Lori G. Armstrong
From an interview with Lori G. Armstrong at New Mystery Reader:
Your main character, PI Julie Collins, is refreshingly different from the squeaky clean, sober, smoke-free, celibate-unless-married, and politically correct versions of many PI's out there these days. What inspired you to go down this potentially risky road with a heroine who breaks every rule as opposed to the safer Mrs. Marple type?Read the full Q & A.

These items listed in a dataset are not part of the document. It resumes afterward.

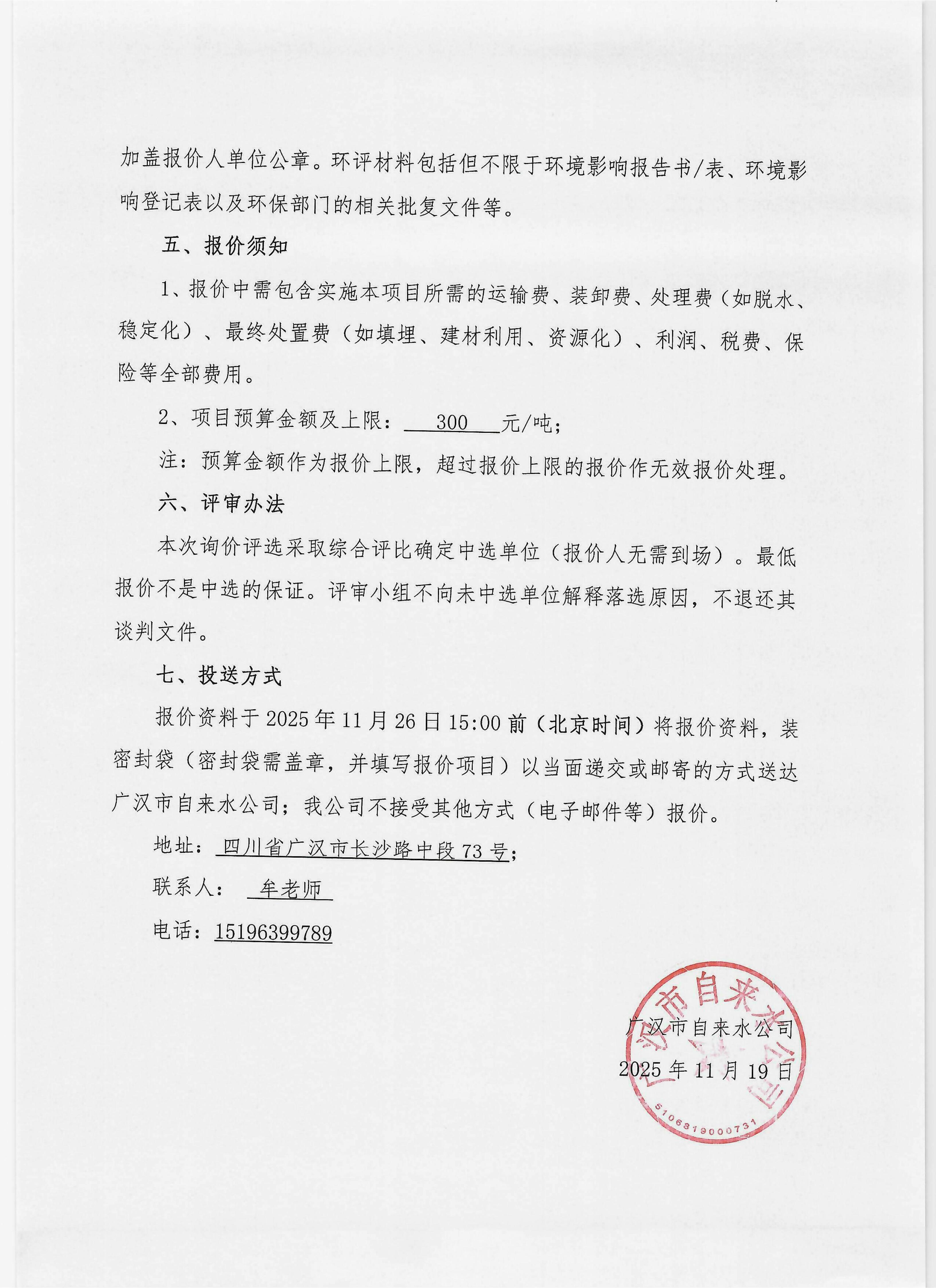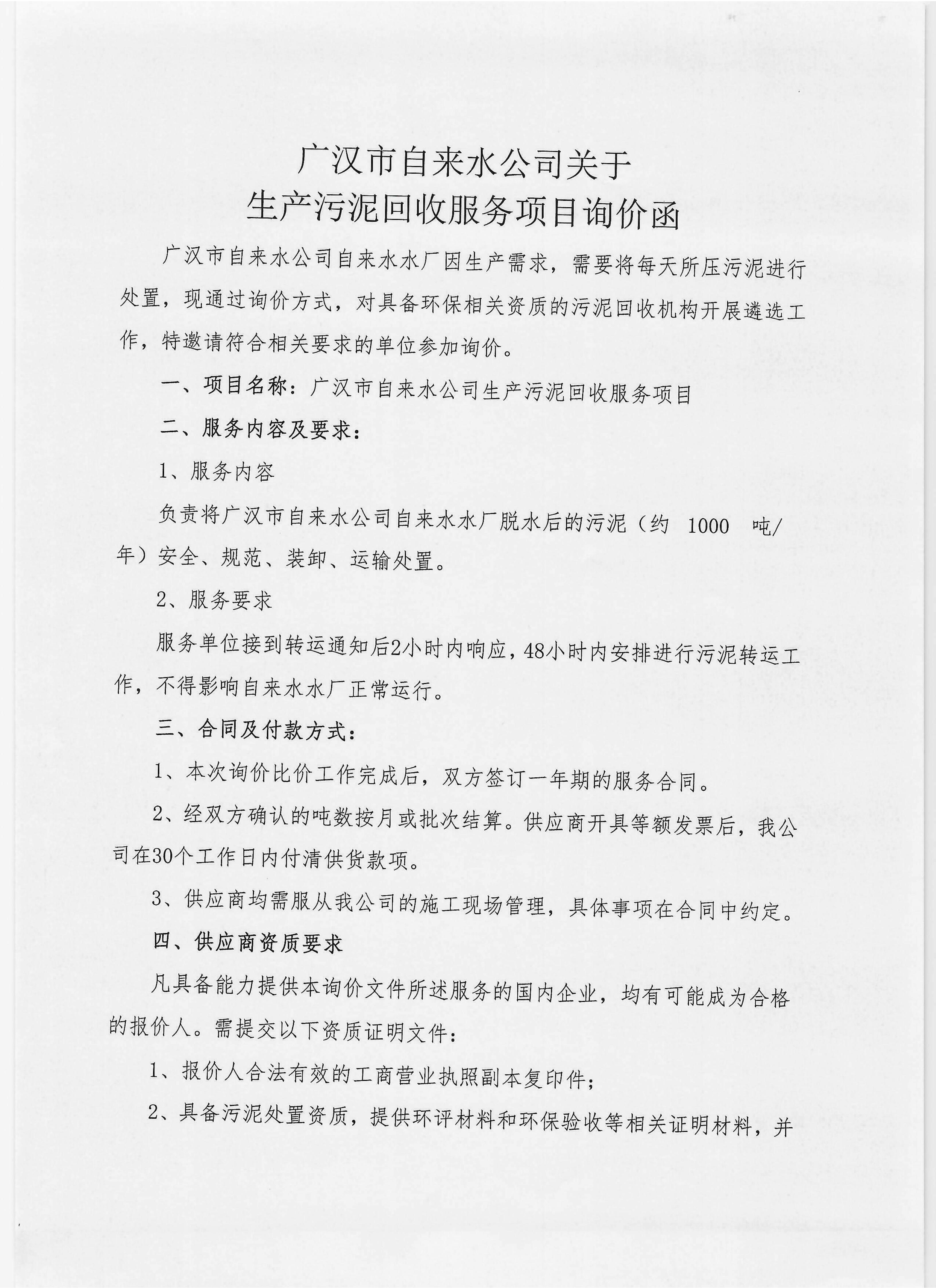 关于生产污泥回收服务项目询价函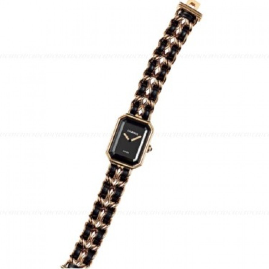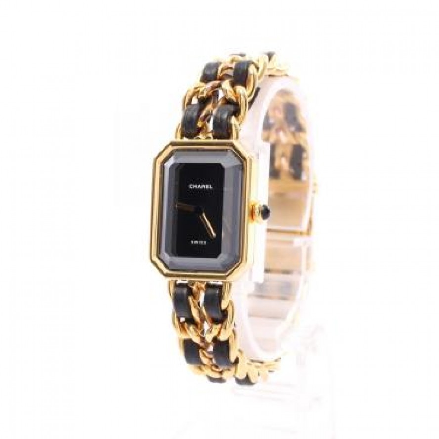 [CHANEL]プルミエール M レディース 腕時計 クオーツ GP レザー ゴールド ブラック ブラック文字盤 ジャンク品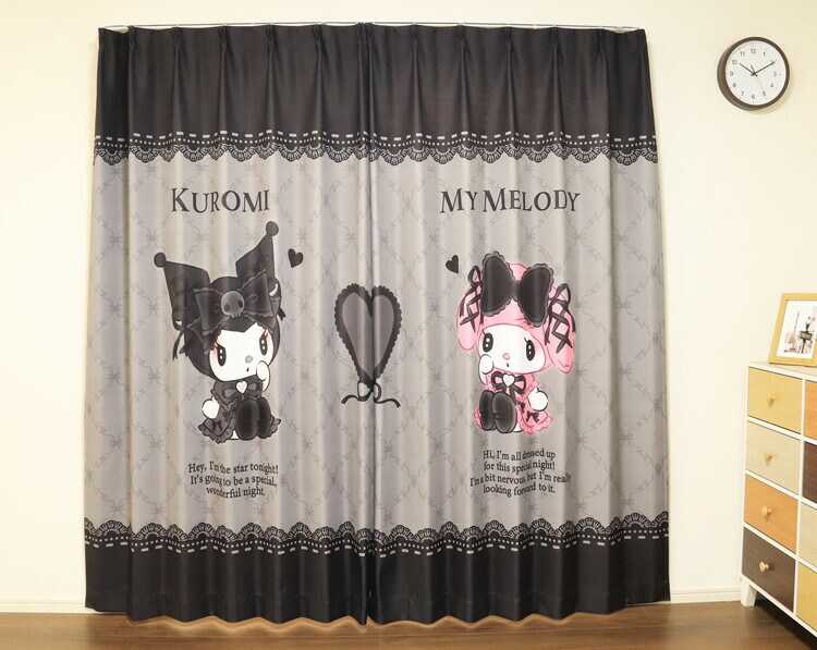 MORIPiLO サンリオ 遮光カーテン 幅100x135cm丈 2枚組 マイメロディ クロミ 真夜中のメロクロ (絵羽柄 つながる一枚絵アートカーテン) 洗える 可愛い グッズ sanrio キャラクター【送料無料】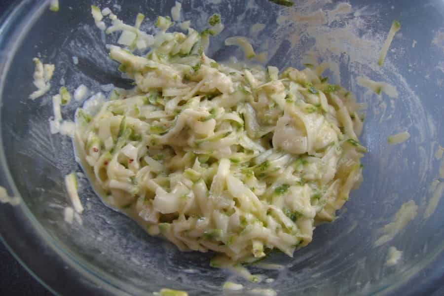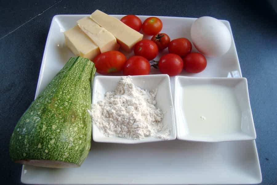 Lavar los zapallitos, cortarlos por la mitad y eliminar las semillas. En un recipiente rallar por la parte gruesa del rallador. Incorporar queso rallado, huevos, leche y harina, mezclar hasta integrar bien. Salpimentar a gusto y dejar reposar por 15 minutos.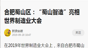 新浪安徽--合肥蜀山區:“蜀山智造”亮相世界制造業大會

I’d like to say I created Julie because I’m a rebel and I wanted the “bad girl with a heart of gold” story told accurately in the PI niche of the mystery world, and who better than a real bad girl like me to tell it? (Insert hysterical laughter) I didn’t intentionally set out to write Julie as the anti-Marple (zero offense to Marple fans) she just sort of blew onto the page in all her angry, chain-smoking, tequila swilling, cussing, sexual glory. I’ve always been drawn to stronger female characters, the mythic warrior goddesses, the iconic female PI’s, the pretty girls who hide discomfort from also having big brains behind smart-ass quips and foul language. Julie is a woman who gets knocked down, and gets back up. She is also a woman who won’t apologize for her opinions or her sexuality. She’s ballsy, and that makes some folks uncomfortable. Oddly enough, I find she makes more women readers uncomfortable than men readers. Someone once asked me if I’d hang out with Julie (after she finally believed I wasn’t actually Julie Collins in a suburban housewife/mother disguise) and I had to think about it, but the answer is yes, despite the fact Julie’s always getting into bar fights.